クライアントによっては成功報酬で払うとか、本当に売れるコピーを書いてくれといってきますが、コピーライターとしていいたくはないのですけれど、それは無茶というものです。
「売れるコピーの書き方」的なHow To本や情報商材も見かけますが、あれって単に必要条件を提示しているだけで、十分条件ではありません。
商品×営業力(販売手段)×広告、そしてタイミングがうまくハマって、はじめて成果が出るわけで、もちろんそれを踏まえてキャッチコピーを書きはしますが、すべての商品が、狙い通りに売れるわけがありません。
「ディノス」や「暮らしのデザイン」といった通販カタログの仕事をやっていた頃は、通信販売全盛で、商品力も購買力も高かったので、とりあえずそれなりに売れていました。

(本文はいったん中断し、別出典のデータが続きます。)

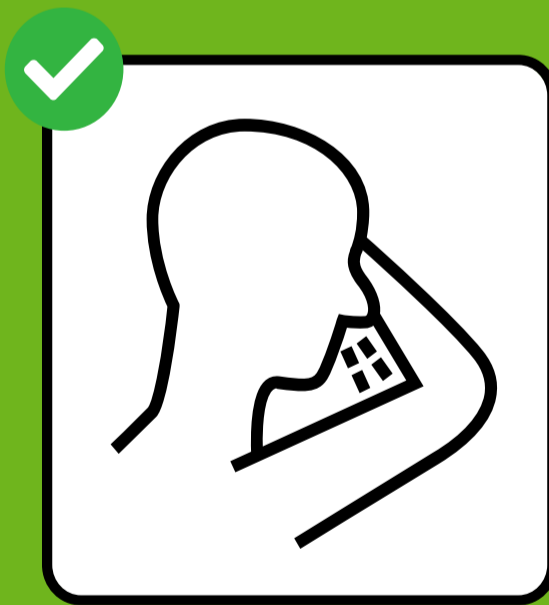
咳嗽或打喷嚏时注意用纸巾或 用胳膊肘挡住。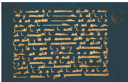
Koranside fra Nordafrika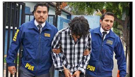
El imputado saliendo del cuartel de la PDI en San Felipe.

do y que el Estado repare lo que hizo con Cristian, de manera tal de que efectivamente la familia pueda ser resarcida de este perjuicio que sufrió.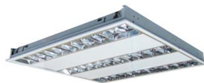
T3LED Luminaire LED encastré Basse Luminance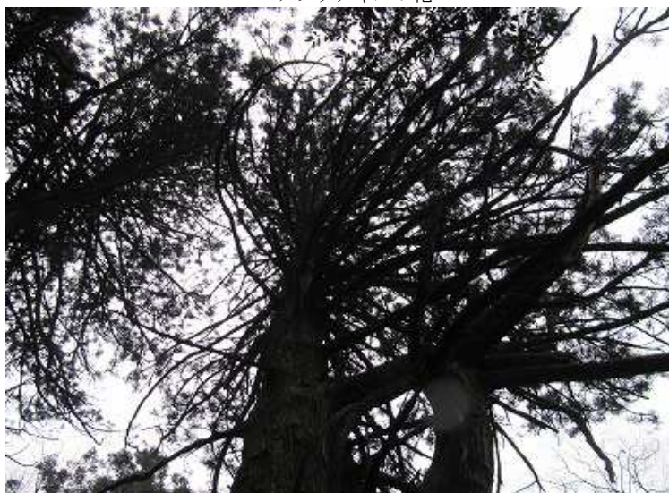
12:04 大杉を見上げる 樹齢400年超か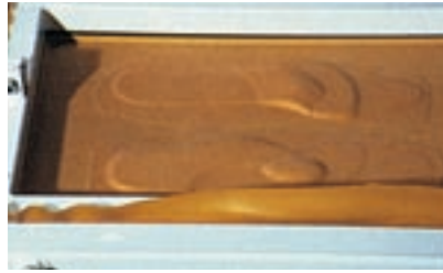
2 Plantillas termosoldadas en plano.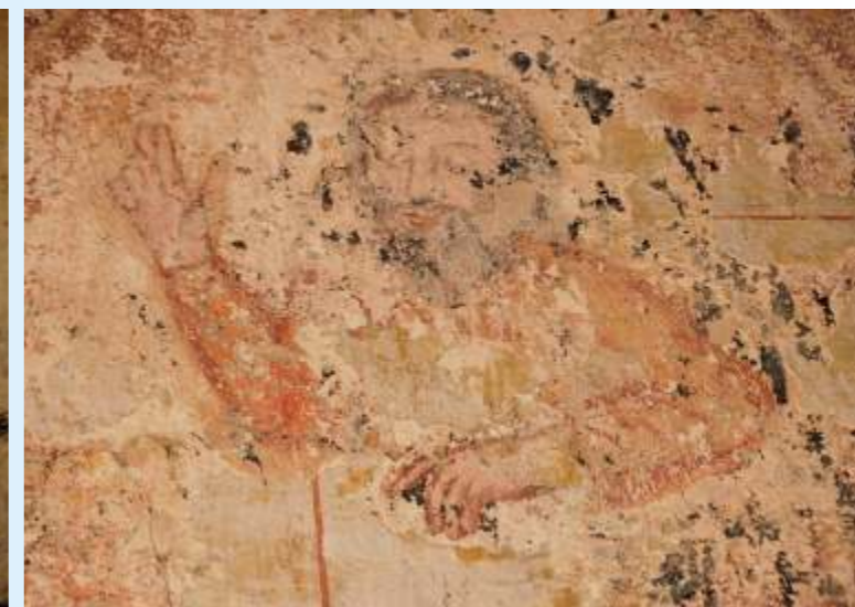
Des parties de murs étaient recouvertes par des décors figuratifs peints, ici un canard, là, un personnage religieux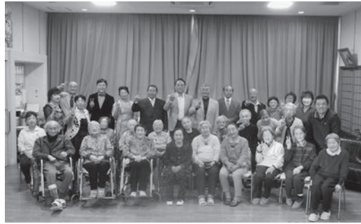
～黒ちゃんの会慰問(デイサービスセンター)～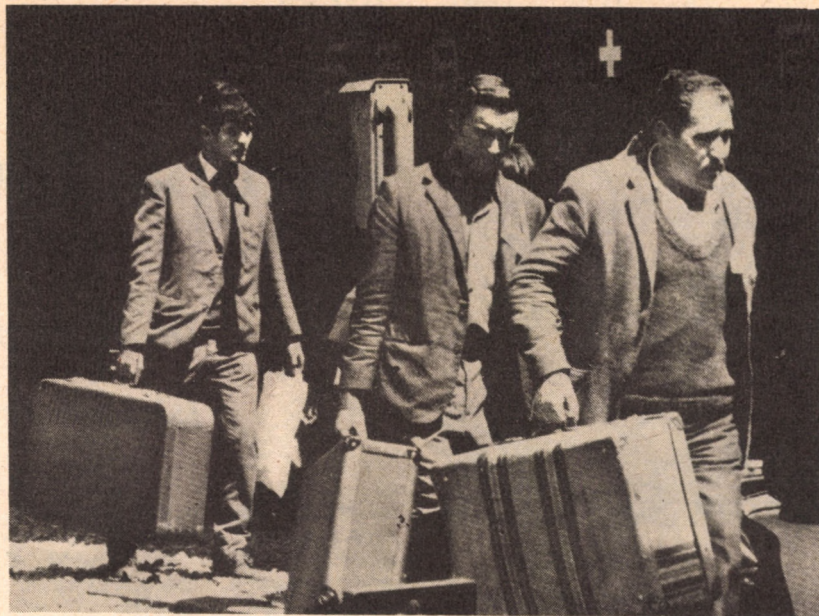
EGY SVÁJCI PÁLYAUDVARON

Nézzük a tényeket: az utóbbi évtizedben a Közös Piacon belüli munkásvándorlás évi 206 000-ről 167 000-re csökkent. Ugyanakkor a harmadik, tehát piacon kívüli országokból származó vendégmunkások száma 126 000-ről 692 000-re nőtt! (Összesen mintegy két és fél millió közösségen kívülről érkezett munkavállaló dolgozik ma a Közös Piac területén.)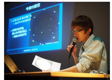
星空解説セミナーの様子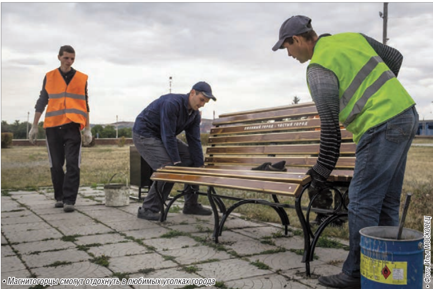
• Магнитогорцы смогут отдохнуть в любимых уголках города

Городские власти подвели итоги работы по благоустройству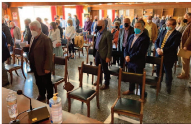
Η μνήμη για όλους τους Ηπειρώτες/σες για όσους/ες «έφυγαν» είναι «άκαυτη βιάς»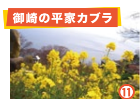
御崎の平家カブラ

山陰海岸国立公園内の中にあり、眺望が素晴らしい。 ◆見頃: 4月上旬～中旬 ◆兵庫県美方郡香美町香住区一日市 岡見公園 (問) 香住観光協会 0796-36-1234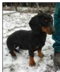
ANDY, pes, 3 roky, jezevčík, hnědý s černými skvrnami, vhodný ke starším lidem, k RD i do bytu, hodný. Nalezen 9.3.2013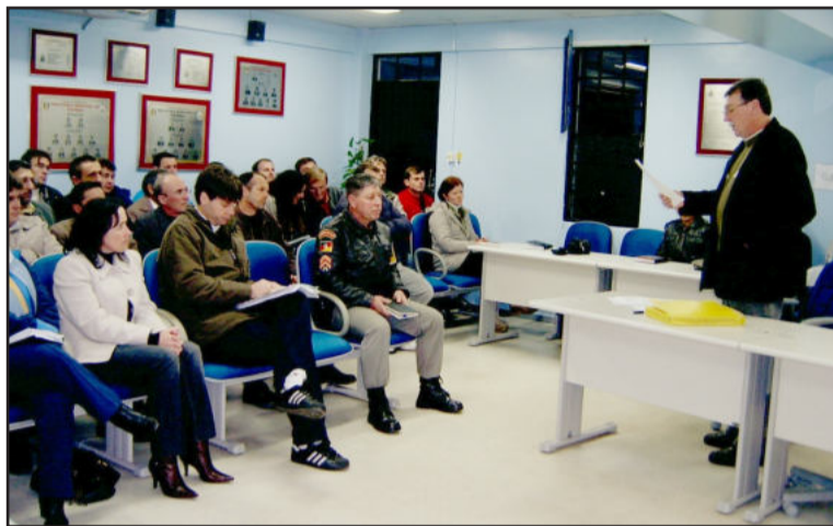
Sanders explicou os propósitos do Consepro

"Estamos enfrentando a pior crise de todos os tempos".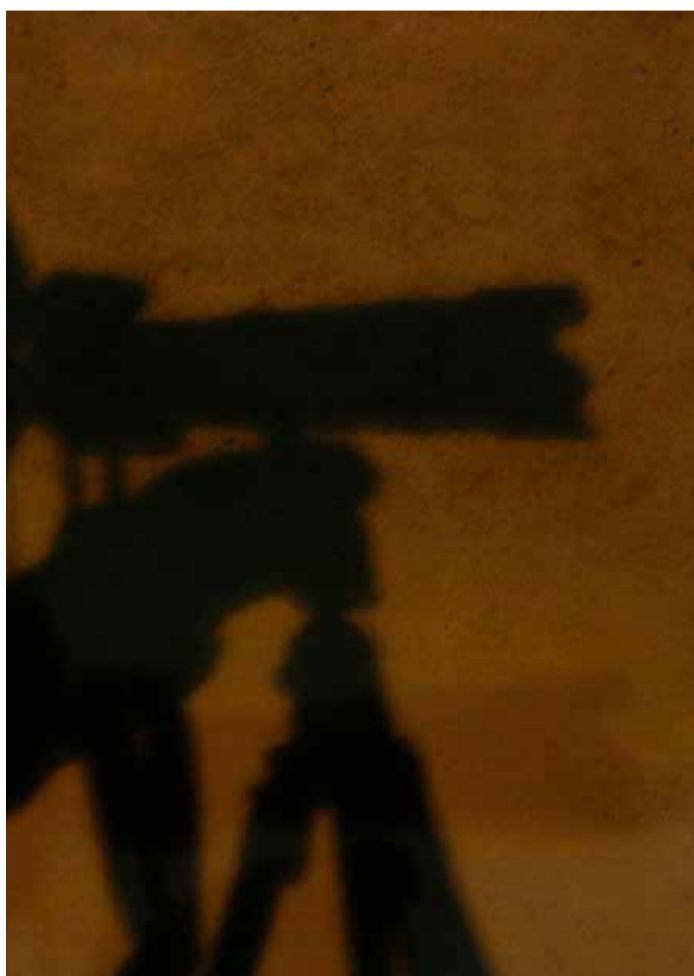
Na udaru svi korisnici socijalnih osiguranja, iako svi nisu prevaranti

Za korisnike penzija i dodataka na penziju je važno napomenuti da su obavezni, prije nego dobiju nalog, da prijave svaku promjenu. Svejedno da li će ta promjena uticati pozitivno ili negativno na njihovo rješenje, od njih se očekuje i zahtijeva da samoinicijativno prijave sve promjene. Na taj način mogu izbjeći neprijatnosti koje ih sleduju za slučaj neprijavlivanja nekih promjena iz njihovog života. (prihodi iz inostranstva, ostvarivanje prava na penziju iz inostranstva, promjen abračnog stanja, stana itd.)

が、セシールもニッセンも身売りしたりして、完全にネット通販に食われてしまった現在、紙媒体のカタログ通販は終焉を迎えつつあります。
もう、売れないんです。
残っているのはニッチなニーズを狙った石けんや洗剤や化粧品やサプリや健康器具のたぐいがほとんど。
そういった商品のコピーライティングは、インターネットの検索キーワードよろしく、複数の表現を使って、複数の媒体に広告を出して、トライ・アンド・エラーを繰り返しながら、商品が売れるまで、ターゲットに届くコピーを模索し続けていくというのがセオリー。
また、商品を生産する前に広告だけを出稿し、反響があれば生産を始めるドライテストなんていう、グレーゾーンぎりぎりアウトな方法で広告効果を測定することも、当たり前のように行われています。
さらに、ターゲットに刺さりそうなキーワードを盛り込むために、後から商品に特徴や機能を足すことも。
例えば洗顔フォームを販売していて、他社の商品が新成分の酵素を配合してヒットしたら、即酵素を足して、コピーで「新成分の酵素配合」と追随したり、テレビでヒアルロン酸の効果を特集したらすぐにヒアルロン酸を配合して、「テレビで話題のヒアルロン酸配合」とうたったり、流行りに合わせて商品とコピーをセットで開発するというのも良くある手法です。
で、これを突き詰めていくとどうなるかというと、結局のところ、売れる商品を開発することが大切であって、それさえ徹底すれば、職業コピーライターはいらない。
新しい切り口なんて求められていないわけですから。
以前ブログに書きましたが、糸井重里は、売れるに決まっている良いものをみつけて売る手段を考えればものは売れる。
よくないものをコピーで売る必要はないといって、コピーライターを辞めてしまいました。
その通りなんです。
商品と広告がつねに一体となっている通販広告は、新しいアイデアでものを売るというコピーライターのアイデンティティを破壊します。
さらにモノを売るための仕組みも、すでに枠組が決まっているので、コピーライターの活躍の場がまったくない。
価格訴求なのか、機能訴求なのか、成分訴求なのか、メリット訴求なのか、プレゼントで釣るのか、テンプレのパターンの中で、刺さるまでコピーを変えていく作業。
で、結局刺さる言葉が、ヒアルロン酸!だったり、半額!だったり、三本セットでこの価格! だったりするわけで、全然やりがいがありません。
さんざんお世話になったのですが、もう言葉だけでは売れない通販広告に、コピーライターとして関わることはないと思います。